What size do you get up there ?
I took cell photos of mine but haven't figured out how to put them into the computer as cell is new.
The ones i got the other day went 5-6lb and fought better than any trout I've ever caught

----------


## Sideshow

I've seen them schooling so hard at HiHi in doubtless bay that I've kicked them onto the beach.
That was back in 87/88 though.
Used to fish them using a string of shamarno flys with a lure on the end could get double hook ups!
Was a load of fun even better if a big kingy came in and smashed them  :Zomg:

----------


## gimp

A couple from today. Didn't weigh them

----------


## Sideshow

> A couple from today. Didn't weigh them
> 
> Attachment 44211Attachment 44212


That one your holding looks frozen......is the fish shop behind the camera woman :Zomg:

----------


## jakewire

Figured it
First there was one,

Then there was two

Then they were prepared to be smoked

Then they were consumed.

----------


## veitnamcam

Got a heap on sunday and monday. I would hook em up then grab a kid to wind em in.







off the beach they were all good fish with some being real donkys. Later fishing in the river a pool must have had a thousand kahawai in it all around a kilo size wise.

Gave one to some trampers for tea and kept one for bait all others released.

Sent from my SM-G800Y using Tapatalk

----------


## jakewire

They must be very widely spead around the country.
Are they further south as in dunedin and south from there?

----------


## gimp

This one from tonight was 4 lb

----------


## gimp

Anyone cold smoked them? Would that keep ok? Poor mans salmon?

----------


## Shearer

I think bottling/canning them (like salmon or tuna) is best if you want to keep it for a while but never done it myself. I'm sure Google can help though.

----------


## john worthington

we fillet and put them in a brine for 12 hours pat dry with paper towels .cover the flesh side with cracked peper and piri piri seasoning and cold smoke for 8 hours .let set in fridge for a night and vacume pack you can freeze or leave in fridge will keep for 6 weeks in fridge no problems
cheers john

----------


## Wildman

Have you tried it as sashimi

----------


## Friwi

Yes, and cooked cold in lemon juice and then coconut cream is one of the better way of eating them!

----------


## Ryan_Songhurst

Lucked out on the Kingfish up around Abel Tasman the last few days, so had a fish from the beach at the inlet to Torrent Bay and got this one, half way through fighting him there was a real big splash and flash of colour and all of a sudden the Kahawai seemed to have gained twenty times the power of a normal Kahawai and was stripping line like crazy......  After a while and just before I was about to run out of line he went back to being a normal Kahawai and I landed him, take a look at his back, im thinking a Kingy slammed him while I had him on the line? Was pretty exciting stuff on the wee rod!

----------


## craigc

If you can't get a vac packer try excessive amounts of cling film. (Glad wrap)

----------


## veitnamcam

> If you can't get a vac packer try excessive amounts of cling film. (Glad wrap)

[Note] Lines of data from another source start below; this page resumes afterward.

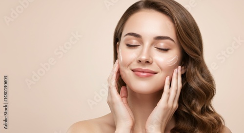Skincare routine concept with a smiling woman applying moisturizer for healthy skin care and beauty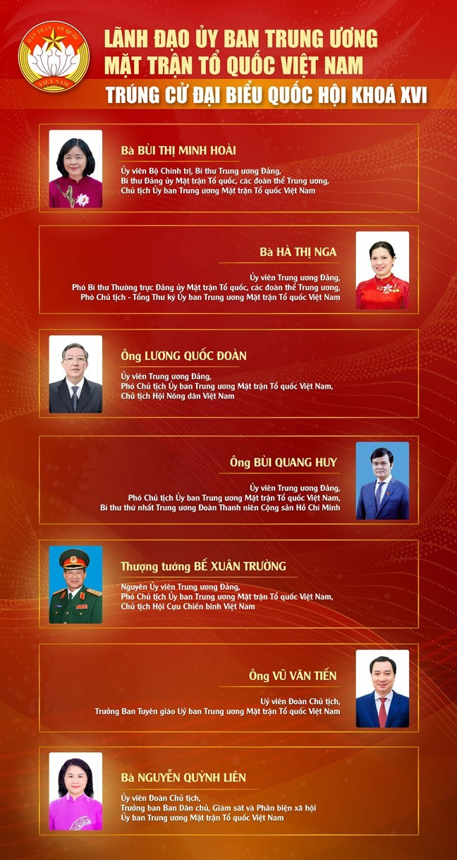 Theo danh sách công bố, Ủy viên Bộ Chính trị, Bí thư Trung ương Đảng, Chủ tịch Ủy ban Trung ương MTTQ Việt Nam Bùi Thị Minh Hoài; Ủy viên Trung ương Đảng, Phó Chủ tịch – Tổng Thư ký Ủy ban Trung ương MTTQ Việt Nam Hà Thị Nga cùng 5 vị Ủy viên Đoàn Chủ tịch Ủy ban Trung ương MTTQ Việt Nam trúng cử đại biểu Quốc hội khoá XVI.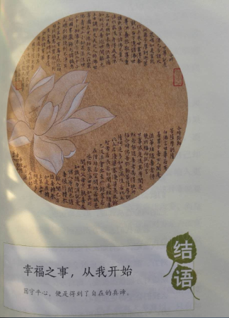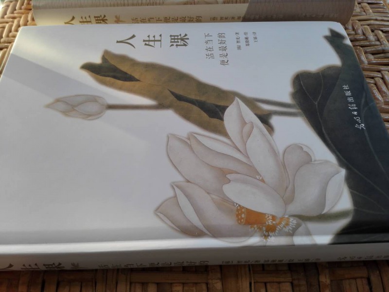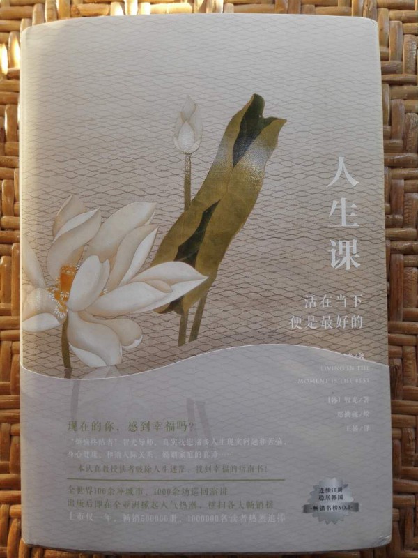 当初申请这本书的时候,我还不知道这是一本非常有名的书,只是想当然的认为是抒发情感类的散文,或者类似心灵鸡汤的书。因为我觉得现代人都比较浮躁,特别是女人,较男人更容易情绪化,因此需要读读此类书籍,以疏泻情绪,抚平心情,安稳心态。 可是,当我读了这本《人生课》后,发现这本书的意义虽然在我的意料之中,却又大大出乎我的意料之外。作者智光大师,是当今韩国备受尊敬的人生导师,被誉为“人生烦恼的终结者”。书中的内容可以映射到我们的人生经历,读了此书,有种醍醐灌顶的感觉。 这是一本非常有深度的书,探究我们内心深处的执念,教导我们要放下执念,活在当下便是幸福。这也是佛学的理论,其实,看书的封面,就知道这是一本跟佛学有关的书。莲花与佛教的渊源极深,因为"出淤泥而不染"的莲花与佛教的宗旨很相应,《人生课》这本书封面就是出污泥而不染的莲花,书中也多次出现圣洁的莲花插画。人要做到出淤泥而不染的境界,不是一件容易的事,需要有相当高的觉悟和定力。 看,除去外书皮和腰封后的封面,如此洁白,一花一净土,一叶一菩提,心是莲花开啊。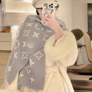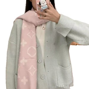 秋と冬のウールスカーフ女性のタッセル老眼レターショール両面カシミヤローズピンクライトグレースカーフ暖かい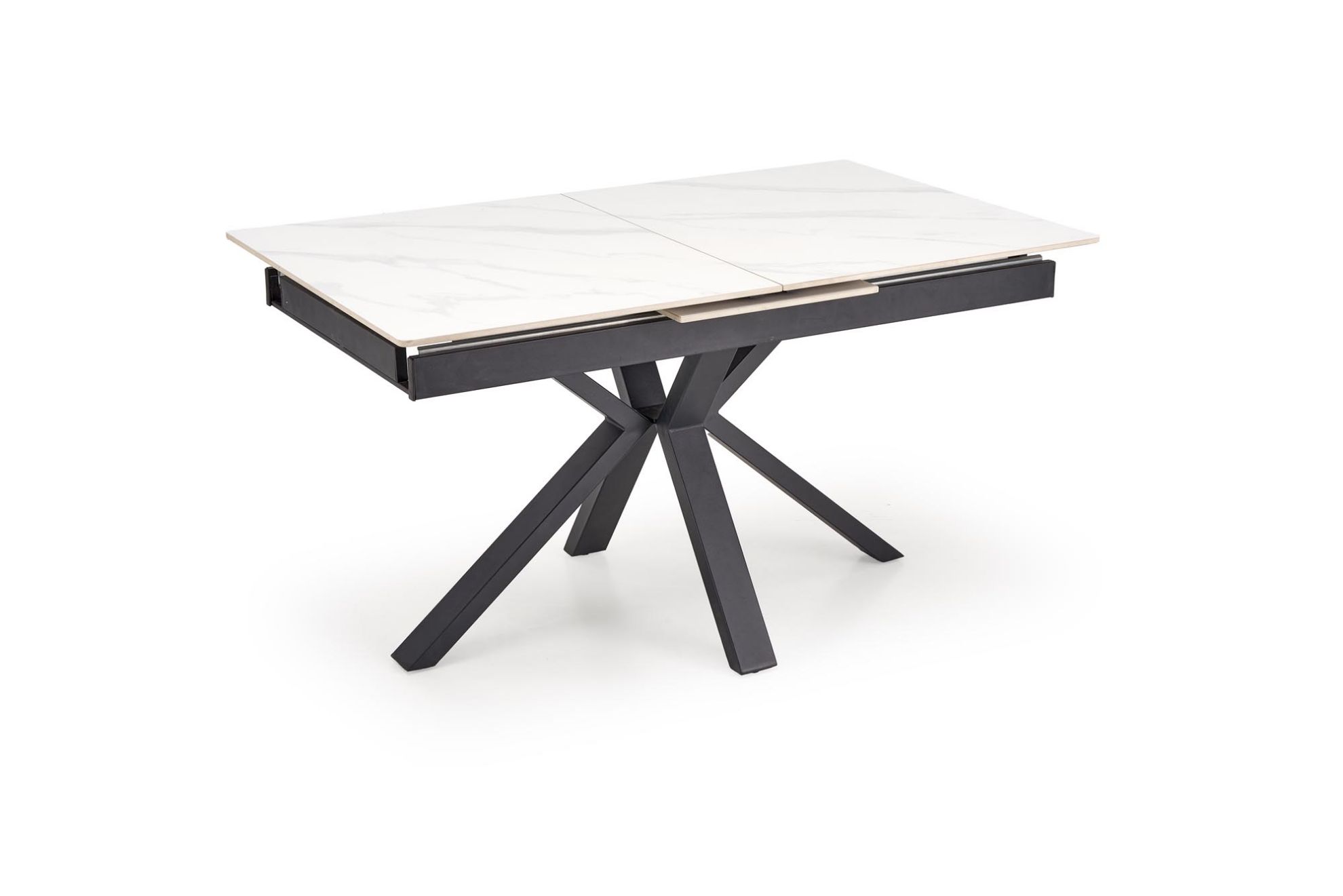 Stół Virello łączy nowoczesny design z funkcjonalnością rozkładanego mebla. Prostokątny blat ze spieku w kolorze srebrnego marmuru w matowym wykończeniu jest odporny na zarysowania, temperaturę i wilgoć. Dzięki mechanizmowi rozkładania długość stołu można zwiększyć z 140 do 180 cm, umożliwiając wygodne posadzenie od 6 do 8 osób.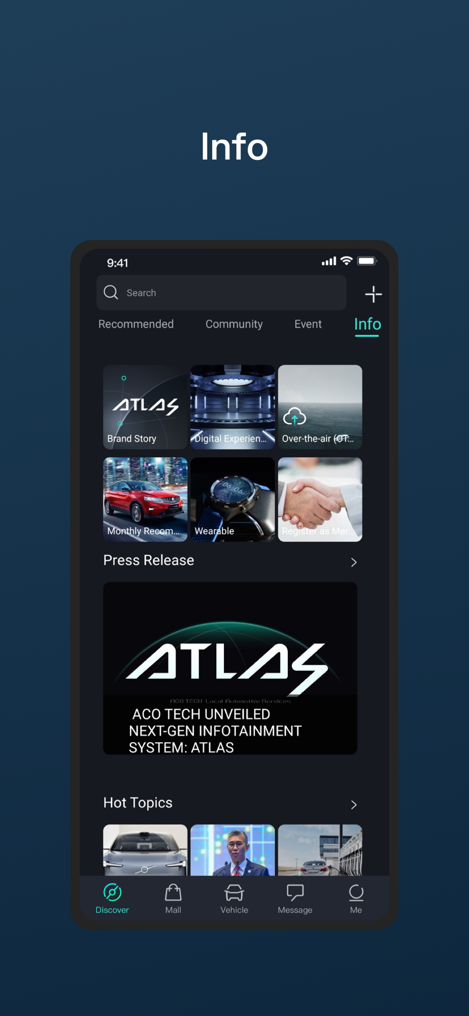 ATLAS offers significantly more than just the traditional vehicle functions of the previous app. It also provides creative and interesting features such as entertainment, social networking, brand promotion, shopping malls, e-wallet payment, and many others. Combining IHU and the cloud platform, it provides a full-scene vehicle experience and comprehensive services.
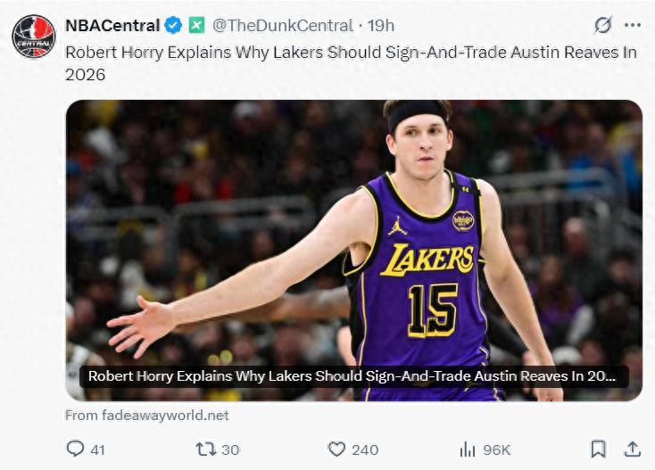 北京時間9月23日,美媒Dunkes爲洛杉磯湖人隊指明瞭方向,他們列舉出三套交易奧斯汀-裏夫斯的方式,能在明夏里夫斯跳出合同前收穫一些能幫助球隊進步的資產。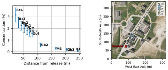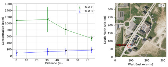 - A background concentration was calculated for each sensor. The average concentration over an interval of 1 min prior to the release was used. Then, the background concentration was subtracted from all the data to obtain the relative concentration.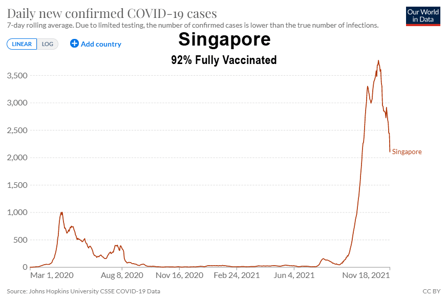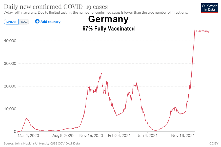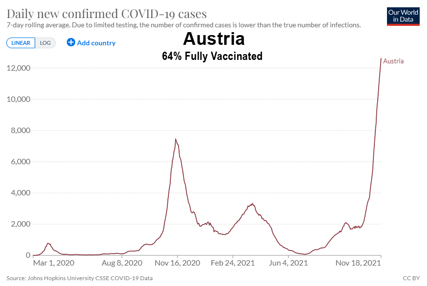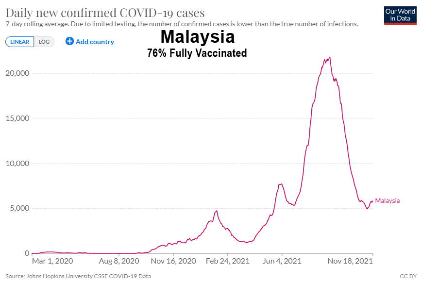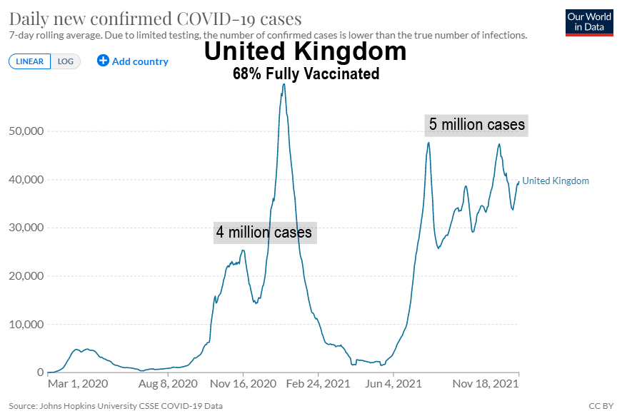 L’un des aspects les plus surréalistes de la campagne mondiale visant à forcer le monde à adopter ces vaccins expérimentaux à ARNm est le nombre impressionnant d’endroits où le nombre de cas de Covid-19 a atteint de nouveaux sommets après l’introduction de ces vaccins n’empêchant pas la transmission. Le but de la vaccination n’était-il pas de ralentir la propagation ?

and you can use it to "shatterpack" your fillets so once frozen you can just unwrap as many as you need to defrost instead of the whole lot.

----------


## Gibo

> and you can use it to "shatterpack" your fillets so once frozen you can just unwrap as many as you need to defrost instead of the whole lot.


'shatter pack'?? Free flo? I had some fresh car-y fried in butter the other day, was good. Still the best big snapper bait imo  :Grin:

----------


## veitnamcam

> 'shatter pack'?? Free flo? I had some fresh car-y fried in butter the other day, was good. Still the best big snapper bait imo


Yes sorry. Shatter pack is a comercial term for free flowed.

Sent from my SM-G800Y using Tapatalk

----------


## Bill999

kahawai are really good hot smoked when fresh
i havent cold smoked any yet, too much energy for kahawai in my mind

raw fish is good use of them too

vaccum seal the filets if you can and eat them sooner rather than months later
I only freze fresh
bleed them as well while they are still alive and ice them down

----------


## veitnamcam

Im on the hunt for some Jars and goin to bottle some.

----------


## EeeBees

@veitnamcam, secondhand shops often have them...

----------


## veitnamcam

> @veitnamcam, secondhand shops often have them...


Just scored a dozen off of trade me.
The trouble with second hand shops is they work while I work.

Sent from my SM-G800Y using Tapatalk

----------


## ethos

Problem with kahawai is the flesh is so oily hence it oxidises and goes fishy when frozen. Im no expert but hot smoked has worked well for me- cooks the oils in , not sure cold smoked would do the same?
If you are rich or know a beekeeper, try using manuka honey and salt instead of the brown sugar, awesome flavour. We eat then it cold over the next few days, dont freeze it at all.

Unloved kahawai and leftover (raw) frames are primo cray bait.

----------